# The Cognivirus Paradigm: Decommissioning and Model Retirement in Enterprise AI Ecosystems

## Public-safe source report summary

This uploaded source report is preserved as durable project evidence for Cognivirus.com. It contributes concepts to the v1.15.0 danger-model expansion: Model retirement, zombie models, decommissioning, Metaphor boundary, self-reinforcing patterns, distributed persistence.

## Evidence handling

This is treated as a **source dossier**, not as independently verified empirical consensus. Public pages may use it after applying the site evidence ladder, metaphor boundaries, and non-operational safety policy. It must not be used to claim that AI systems are conscious, literal biological viruses, or inevitably catastrophic.

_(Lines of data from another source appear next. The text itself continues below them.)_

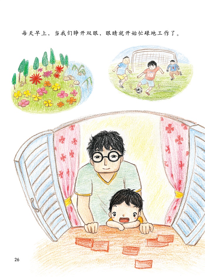 最后,爸爸讲了一个故事,谜底揭开了。原来,爸爸是因为小时候没有好好保护眼睛才导致了近视,所以才戴上了眼镜。戴眼镜可并不是一件“好玩”的事情——踩到狗的便便,吃饭时眼睛上全是雾气,运动时眼镜经常滑落……这听起来可一点儿也不“神奇”。
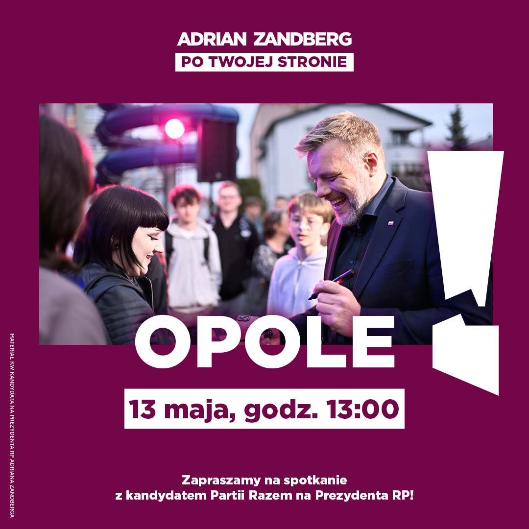 Zandberg w Opolu: Zamiast produkować leki, rząd Tuska rozdaje elektryczne zabawkiW ramach trasy kampanijnej kandydat na Prezydenta RP Adrian Zandberg odwiedził Opole. Podczas wspólnej konferencji z posłanką Marceliną Zawiszą, oraz Jerzym Przystajko Zandberg przekonywał do rozwoju produkcji leków w Polsce. Kandydat podkreślał, że rząd Donalda Tuska nie realizuje celów zakładanych pierwotnie w KPO.Czytaj więcej
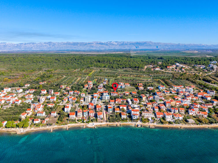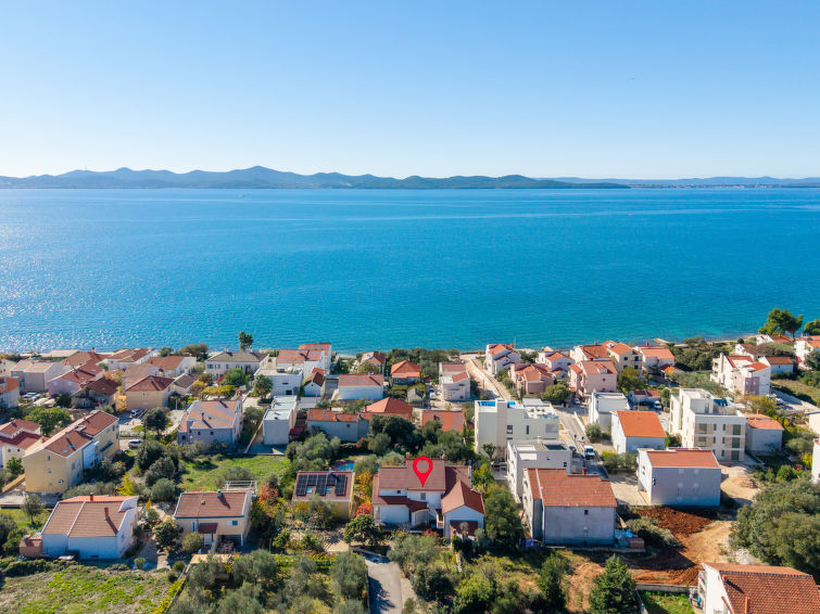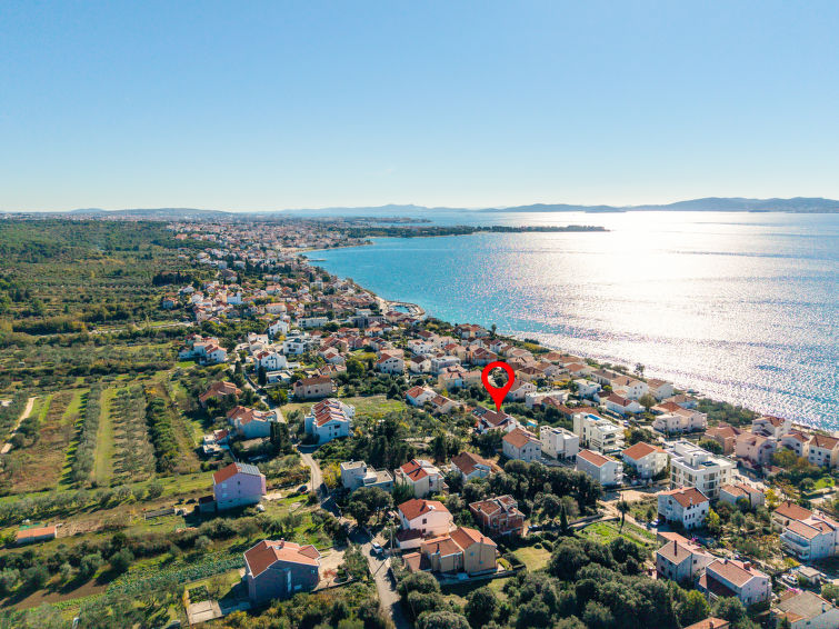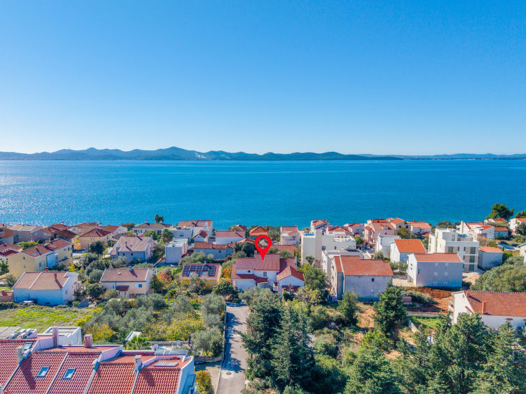 Fin, koselig tremannsbolig "Anica". I området Diklo, 6 km fra sentrum av Zadar, utenfor området, i en roligt, solrikt, høyt posisjon i et boligområde, 150 m fra sjøen, 150 m fra stranden, i det grønne, beliggenhet mot sør. Fellesbruk: tomt 1'000 m2 (inngjerdet), hage med plen og trær, 1 badebasseng firkantet inngjerdet (13 x 6 m, dybde 120- 190 cm dyp, Sesongåpent: 13.Jun. - 19.Sep.) med innbygdetrapper. Utendørs dusj, grill, lekeplass (huske), Underholdning av bassenget av eieren/gartneren, parkering ved hbrukt på tomten. Butikk 400 m, restaurant 450 m, småstenstrand 2.5 km, stenstrand 150 m, offentlig badeområde 2.5 km, betonglagt strand 150 m. Tennis, idrettsenter 400 m.
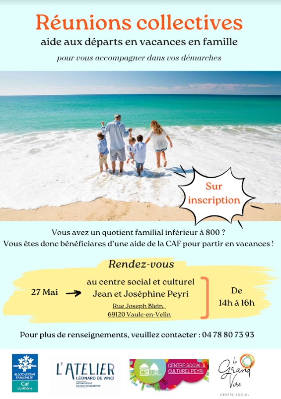 🌟🎉 Besoin d’un coup de pouce pour préparer vos prochaines vacances ? Rejoignez-nous pour une réunion collective au centre social J.J. Peyri le 23 mai de 14h à 16h ! 🏖️
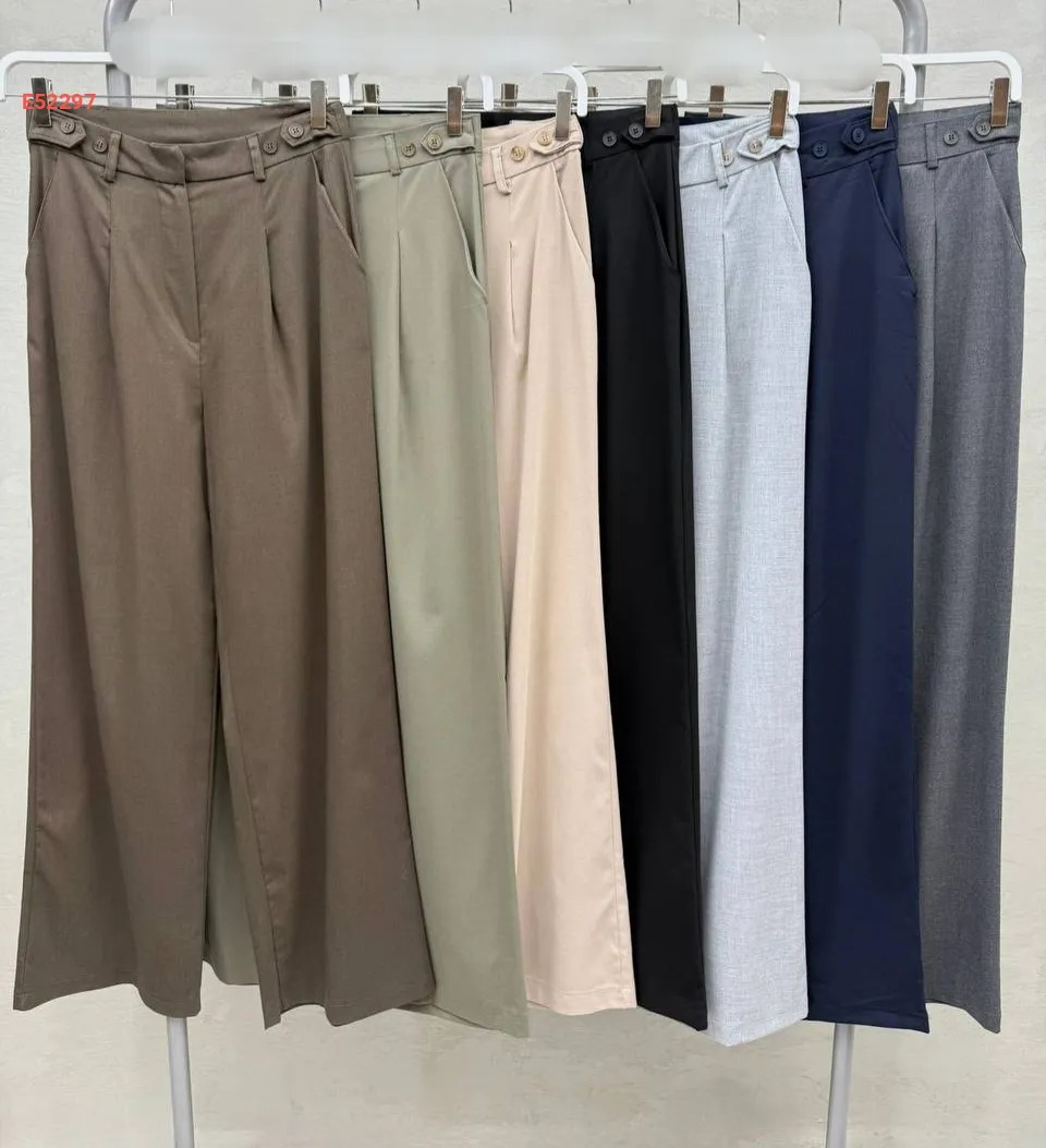 بنطال عريض بأزرار عالخصر
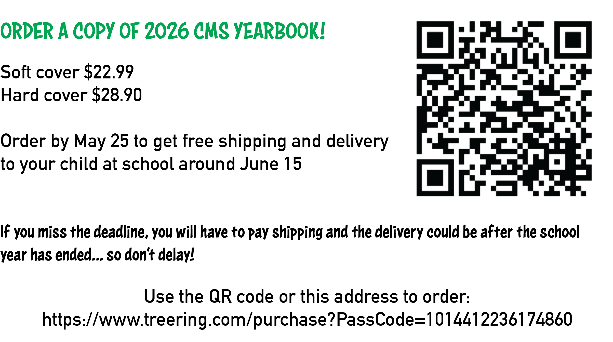Please see the attached link to order your 2026 Cawley Yearbook. Order before May 25th to get free shipping and delivery to your child at school around June 15th! Yearbook order

## Concepts extracted for the site

- The unsafe unit may be a transition graph rather than one model artifact.
- Local component approval does not prove runtime-composition safety.
- Evidence should name the exact carrier, route, memory state, evaluator, tool profile, and promotion rule involved.
- Observable outcomes need replayable traces rather than trust language.
- Retirement, rollback, and behavioral-extinction reviews must include data, memory, synthetic examples, descendants, aliases, and human workflows.

## Source orientation

The Cognivirus Paradigm: Decommissioning and Model Retirement in Enterprise AI Ecosystems The contemporary discourse surrounding artificial intelligence and machine learning operations (MLOps) is overwhelmingly oriented toward deployment and expansion. The industry lexicon is heavily saturated with marketing narratives centered on launching, scaling, fine-tuning, improving, and automating algorithms. However, this hyper-focus on the inception and proliferation of machine learning systems creates a critical, systemic vulnerability regarding the end of the model lifecycle. The "Cognivirus" paradigm posits a fundamental shift in this operational

## Site interpretation

The report is used to deepen public and technical explanations of distributed behavioral persistence, synthetic-feedback risk, action-layer controls, observability, lineage, diversity, promotion pressure, and retirement failure. It does not authorize exploit instructions, self-replication recipes, credential workflows, or backdoor construction guidance.